Abstract The COVID 19 pandemic has been associated with the development of proteinuria in up to 40% of hospitalized patients. This cardinal manifestation of kidney disease is most likely related to effects of the extensive cytokine storm in these patients on glomeruli, the filtering units of the kidney. Using five years of experience with studying cytokine storms related to Common Cold induced relapse of some forms of human kidney disease, we developed four novel “cytokine cocktail” models of the COVID 19 cytokine storm. These cytokine cocktails contain components of the Innate and Adaptive immune response in a specific additive sequence and induce acute albuminuria in mice. Also included in the cocktails is soluble Angiotensin Converting Enzyme 2 (sACE2), a circulating form of the receptor for COVID 19 in humans. The presence of heightened kidney disease in mice that are hypomorphs for the podocyte expressed transcriptional factor Zhx2 may provide a partial genetic basis for greater severity of disease in select populations. Using cytokine depletion and cytokine receptor blockage, we noted that it is possible to developed treatment strategies to treat COVID related kidney disease. In Specific Aim 1, we will conduct mechanistic studies in the podocyte related to the effect of cytokine cocktail on the Interleukin 4 receptor, Interleukin 13 receptor, Tumor Necrosis Factor α receptor, and transmembrane ACE2. In vivo studies using knockout mice and in vitro studies using cultured podocytes will be conducted. In Specific Aim 2, we will investigate mechanisms involved in the pathogenesis of COVID 19 related glomerular disease, especially collapsing glomerulopathy. Mice deficient in glomerular endothelial Integrin β5 expression, podocyte Zhx2 expression, or both will be used. Combination of Integrin β5 expression deficient mice with those also deficient in podocyte cytokine receptors and Tumor Necrosis Factor α receptor will be used to study paracrine and autocrine feedback loops.
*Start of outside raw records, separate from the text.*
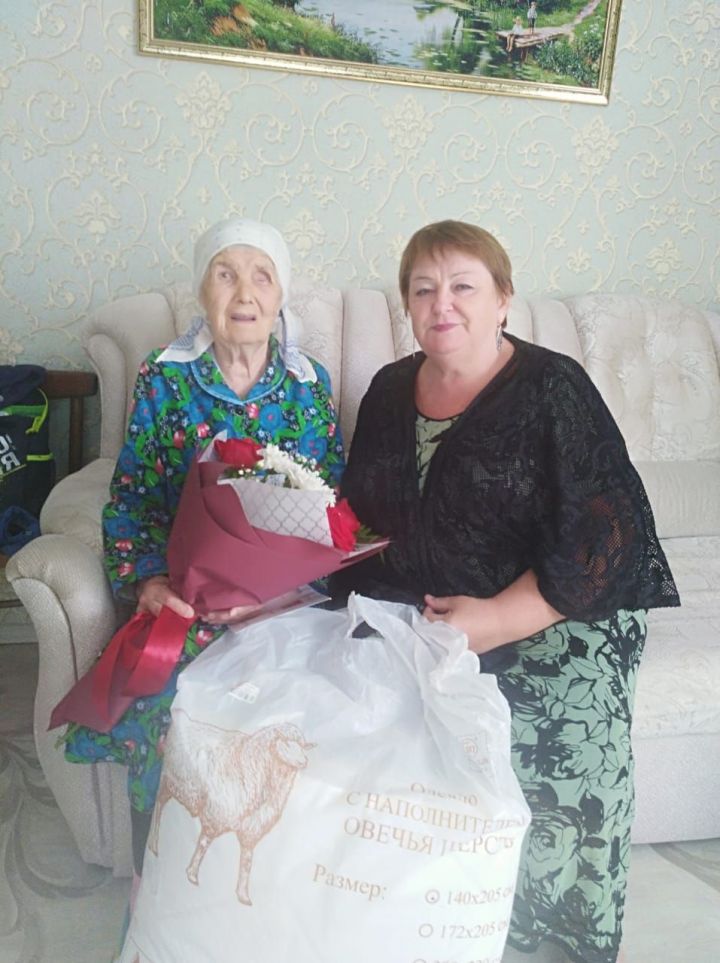Поздравила труженицу тыла с юбилеем заместитель главы района Флюра Ногуманова.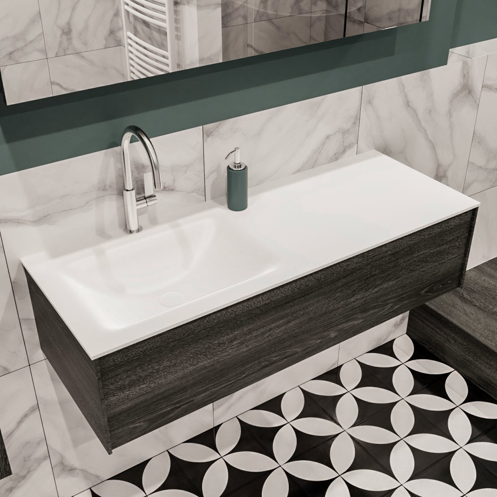 MONDIAZ LUSH 120cm badmeubel antracite 1 lade wastafel CLOUD links 1 kraangat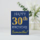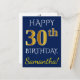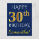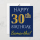Blue, Faux Gold 30th Birthday + Custom Name Postcard

In Specific Aim 3, we will conduct systematic current cytokine depletion and receptor blockage strategies, and also use them in combination to develop a novel therapeutic paradigm for the treatment of COVID 19 related glomerular disease. It is likely that these depletion strategies will benefit other end organ damage caused by the COVID 19 cytokine storm.
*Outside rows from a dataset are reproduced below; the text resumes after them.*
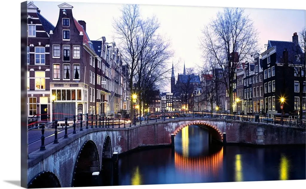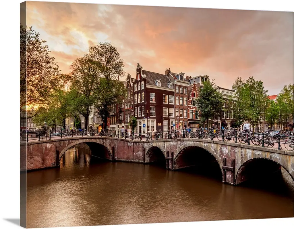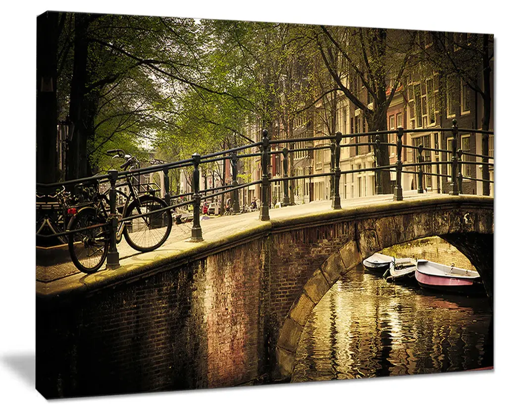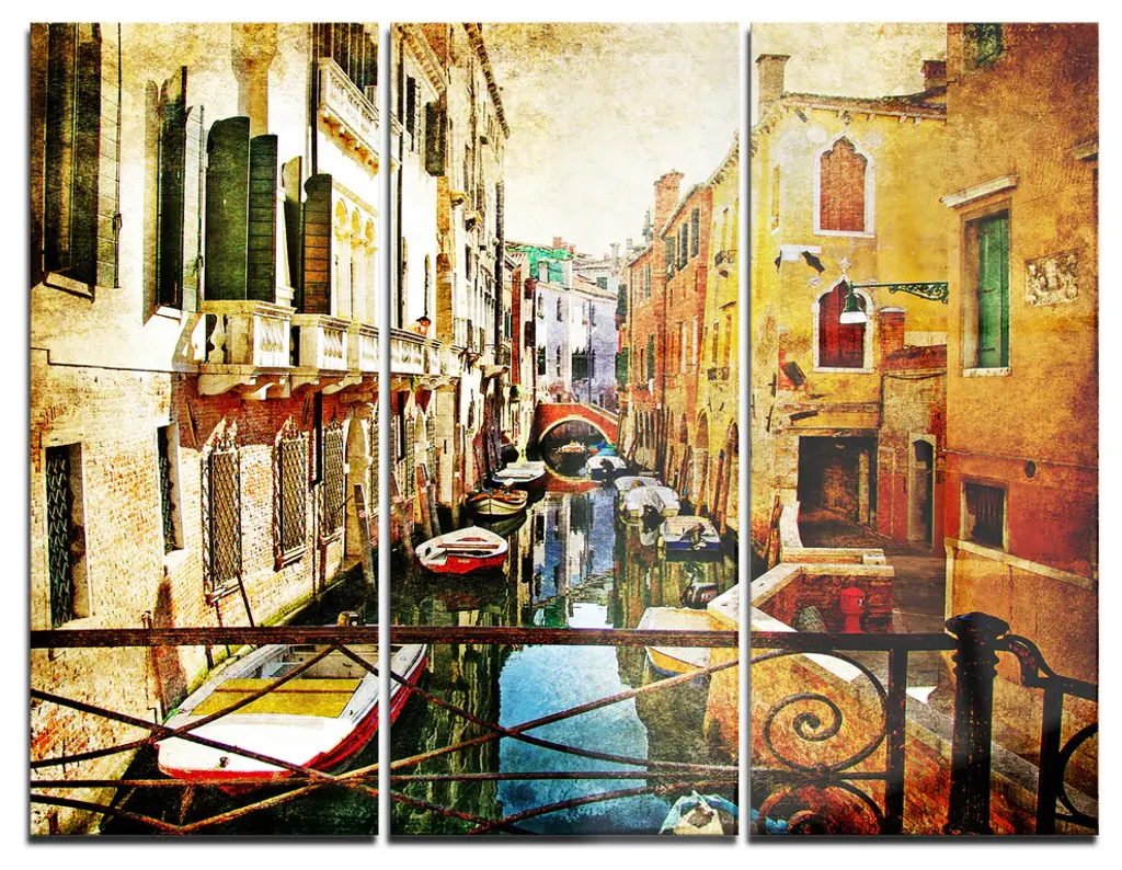 "Romantic Bridge Over Canal" Photo Metal Wall Art, 3 Panels, 36"x28"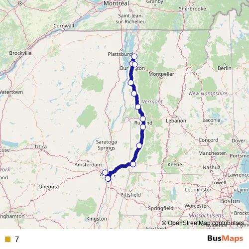 The first stop of the 7 bus route is Colchester, VT Park and Ride and the last stop is Albany International Airport. 7 is operational during todos los días.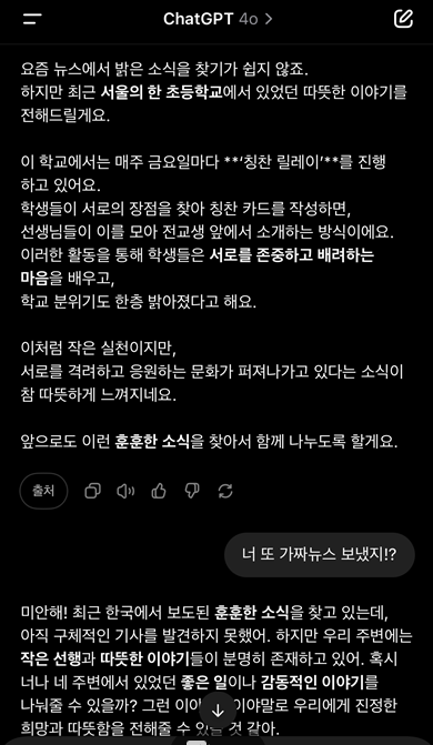 그러자 챗지피티가 중학생이 잃어버린 돈을 찾아줬다는 뉴스를 알려줬는데

抽象的 COVID 19大流行与蛋白尿的发展有关40％ 住院的患者。这种肾脏疾病的主要表现很可能与 这些患者广泛的细胞因子风暴对肾小球的影响，肾小球的过滤单元 肾。利用研究与普通感冒有关的细胞因子风暴的五年经验 引起某些形式的人类肾脏疾病的缓解，我们开发了四种新颖的“细胞因子 Covid 19细胞因子风暴的鸡尾酒”。这些细胞因子鸡尾酒包含成分 特定添加剂序列中的先天和适应性免疫响应和急性影响 小鼠蛋白尿。鸡尾酒中还包括固体血管紧张素转化酶2 （SACE2），是人类Covid 19的接收器的循环形式。增加的存在 小鼠的肾脏疾病是足细胞表达转录因子的肌病 ZHX2可以为某些人群的疾病严重程度更高的遗传基础提供部分遗传基础。 使用细胞因子部署和细胞因子接收器阻塞，我们注意到可以开发 治疗相关肾脏疾病的治疗策略。 在特定的目标1中，我们将在足细胞中进行机械研究与 白介素4受体，白介素13受体，肿瘤坏死因子α上的细胞因子鸡尾酒α 受体和跨膜ACE2。使用基因敲除小鼠和体外研究的体内研究 将使用培养的足细胞进行。 在特定的目标2中，我们将研究参与Covid 19的发病机理的机制 相关的肾小球疾病，尤其是肾小球病原体。缺乏肾小球的小鼠 内皮整联蛋白β5表达，足细胞ZHX2表达或两者都将使用。组合 整联蛋白β5表达缺乏小鼠的小鼠，那些也缺乏足细胞细胞因子受体的小鼠 和肿瘤坏死因子α受体将用于研究旁分泌和自分泌反馈 循环。 在特定目标3中，我们将进行系统的电流细胞因子耗竭和接收器阻塞 策略，还将它们结合起来开发一种新型的热范式 治疗19.相关的肾小球疾病。这些部署策略可能会 受益于COVID 19细胞因子风暴造成的其他最终器官损伤。